The next day there was another one and then another the day after that. We now receive lovely eggs every day ranging in color from pale blue to green to pink and beige. I feel like a little girl every time I open the lid to the henhouse. ‘Will there be another one? What color will it be?” I never tire of it.
God loves to meet us in unique ways. He made us all so differently and delights to show his kindness in ways that only we can understand.
Can a chicken egg heal a hurting heart? No, but knowing that I am seen by the God of all creation can. He saw me that night as I peered into the nesting box with my flashlight. He said “Here, child. I am with you and I love you.”
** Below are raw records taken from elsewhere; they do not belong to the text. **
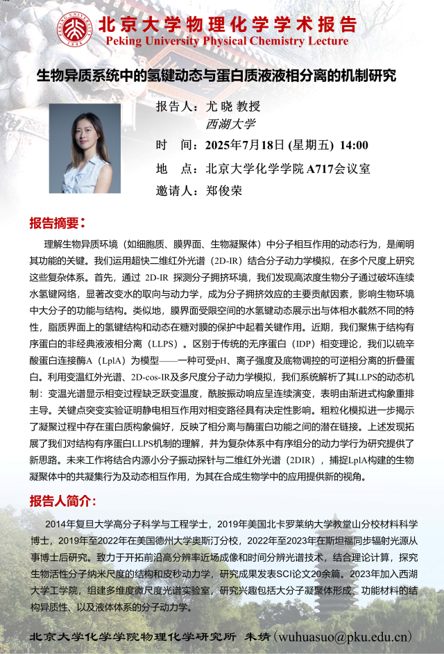 【3003新葡官方网站物理化学学术报告】生物异质系统中的氢键动态与蛋白质液液相分离的机制研究
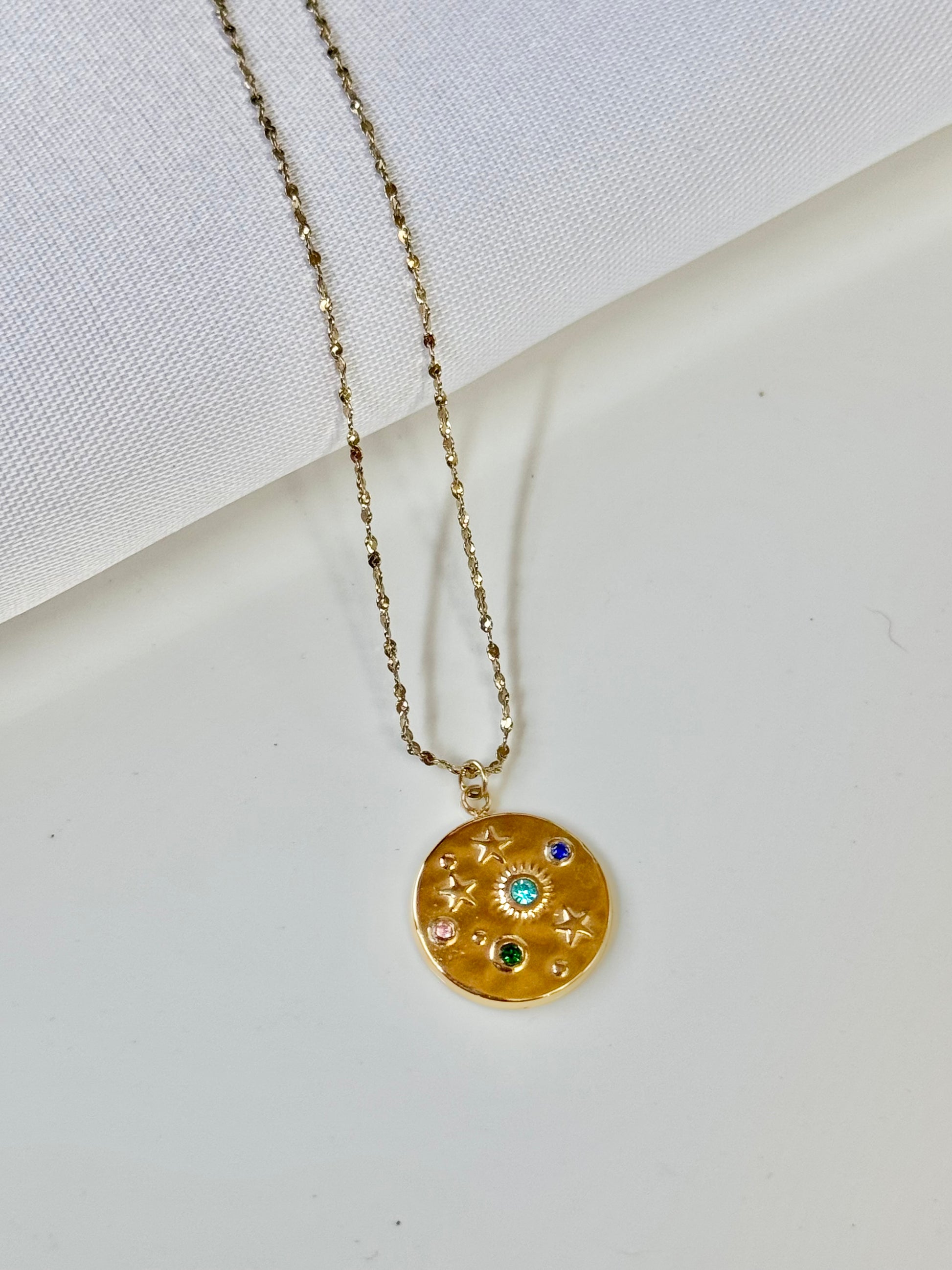 Boho Celestial Charm Necklace – Stainless Steel Star Coin Pendant
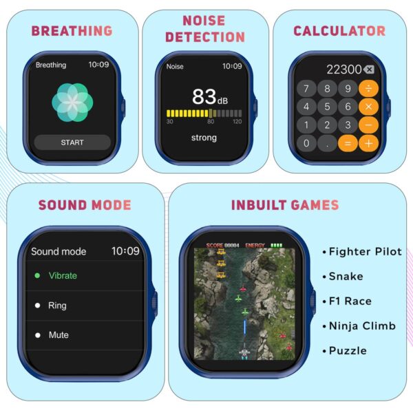 Built-in Mic & Loudspeaker, Bluetooth 5.0 with 10 mtrs Wireless Range, Use pTron Fit+ App, Smartwatch Compatible with Android 8.0 & above/iOS 9.1 & above, Just 3Hrs Magnetic Charging & 1-Year Warranty;Noise Detection, Breathing Exercise, Social Media Notifications, Quick Tools on Homepage, Voice Assistant, Raise & Awake Display, Music/Camera Control, Stopwatch & Alarm, Find Watch & 4 Menu Styles
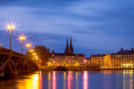 Blois, France - July 21 2016: Jacques Gabriel bridge in Blois, on a cloudy evening
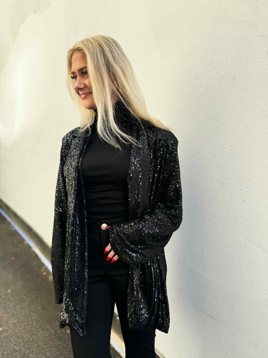 Denne paljett – jakka er så fin! Oversize og kul look på denne jakka. Den er one size og passer en 34-44 ca..
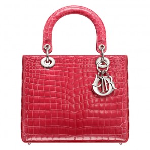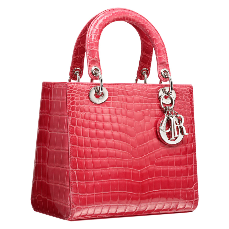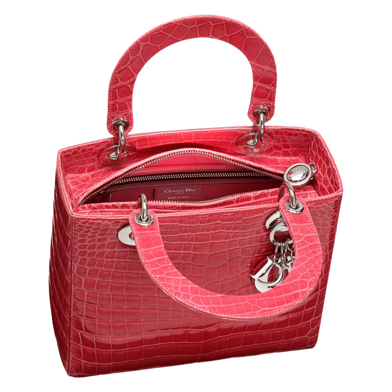 A timeless and unique work of art, the 'Lady Dior' bag is imbued with the Couture spirit of Dior. Meticulously crafted by hand, the bag in precious light coral crocodile combines luxury with sophistication. Carry by hand, on the wrist or arm for unbeatable elegance
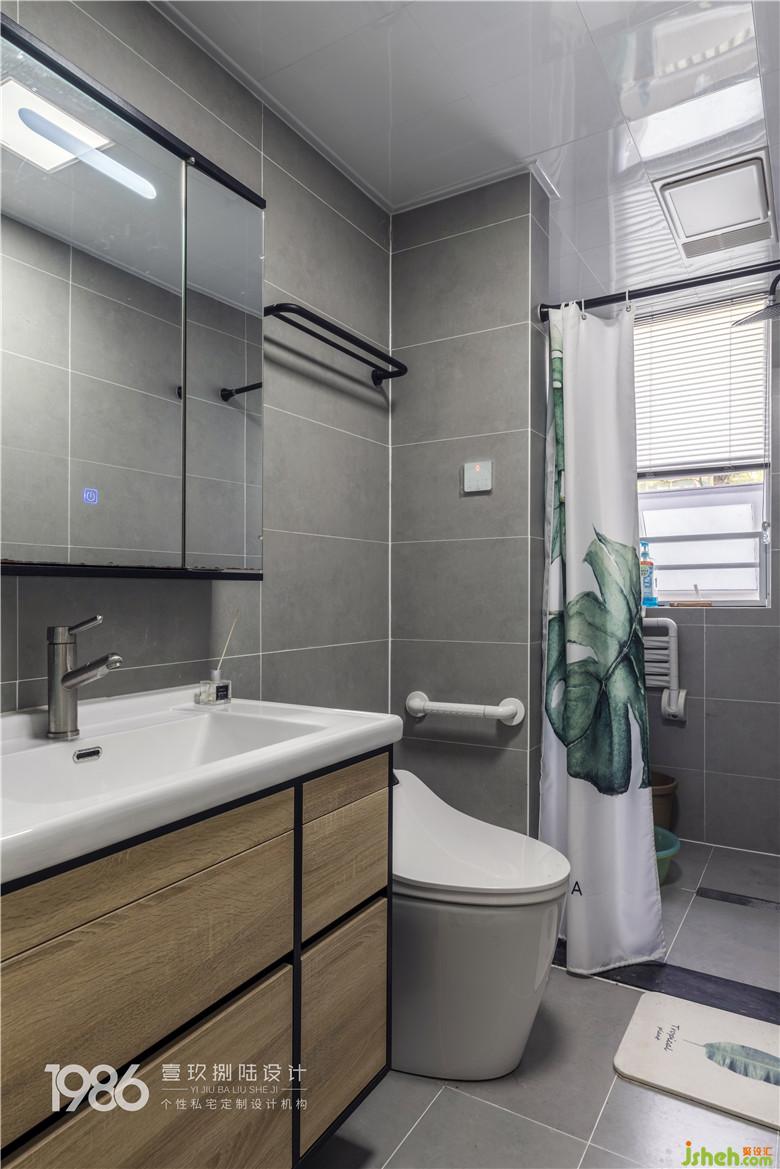 主衛(wèi)和次位都實現(xiàn)干濕分區(qū),方便平時的使用與衛(wèi)生處理。主衛(wèi)明黃色的浴缸照亮了整個空間,暖暖的泡浴給予身心一種愉悅的放松;次位馬桶旁室內(nèi)設(shè)計師有為老人設(shè)計的扶手,小小的細(xì)節(jié)是這個家溫馨的點點滴滴。
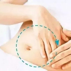 做法:先搓热双手,然后双手重叠,置于腹部,用掌心绕脐按顺时针方向,由小到大转摩36 周,再逆时针方向由大到小绕脐摩36周,有增加胃肠蠕动、理气消滞、增强消化功能和防治胃肠疾病等作用。
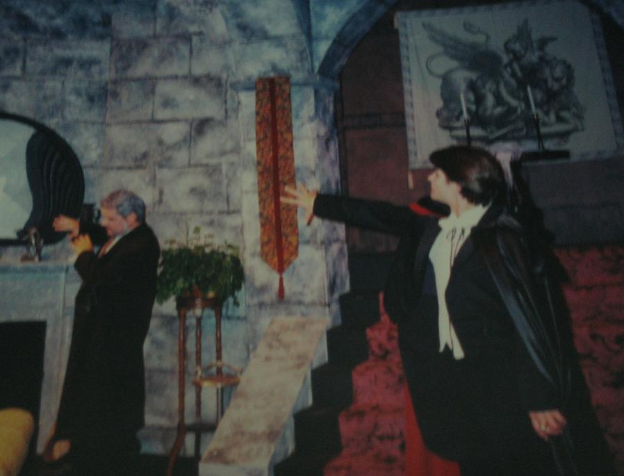 She was blonde and hot. This was in South Alabama, so you know they had a lot of young blondes to choose from. There must have been 20 in this show. I played a real FOP, and you can see how bad it was, the guy in this photo is as straight as me, but a better actor, lol. Second seris is from Dracula, I played Von Helsing, onstage the whole show except for a 1.5 page quick change. Brutal show, but my best role ever. I showed up late to the tryouts and the director had stated unequivocally that there we would NOT be doing accents in the Dracula part. So of course, I get up and read in a crackerjack Bela Lugosi....GREAT, but totally F'ed up. Always come on time, lol. Tried out for the lead, but I was not handsome and slim like Drac had to be, found out that I DID get the lead, and it was V.H, lol. Forgive me, I just shot these pics with a camera on my keyboard in dim light, but they are plenty scary no matter. Want BAD LUCK?? We had to have Dracula break a mirror every night, in an effort to have me NOT see that I could not see him in the mirror. He would shoot a flash paper shot out of his sleeve and the mirror would be broken back stage with a large pointed steel bolt On this night, he made his flourish, fire shot out and then nothing for 10 secs..... Then crack. The audience BUSTED out laughing, as we both stood there as if to say "WAIT for IT!" Last edited by OLS; 05-28-2011 at 09:48 PM. |

All through a little turquoise egg.
James 1:17 ~”Every good and perfect gift is from above, coming down from the Father of the heavenly lights, who does not change like shifting shadows.”
5 Comments
Isn’t it wonderful when God makes those little connections with us, His beloved! A glistening dew drop, the colors of a sunset, a turquoise egg… And another thing that blesses me as I think of you and your Mama, is that the egg is a symbol of new life…your Mama’s new life in heavenly glory! God bless you~
Such a tender story, Mary Ann. And so like God.
What a lovely thing to read your post this morning. It’s rare to find someone who loves animals as much as I do. I felt your words all the way to my heart and my tears testify to their beauty.
What a God hug!
Love this! Thank you for sharing. Tempting me to bring home some chicks this spring.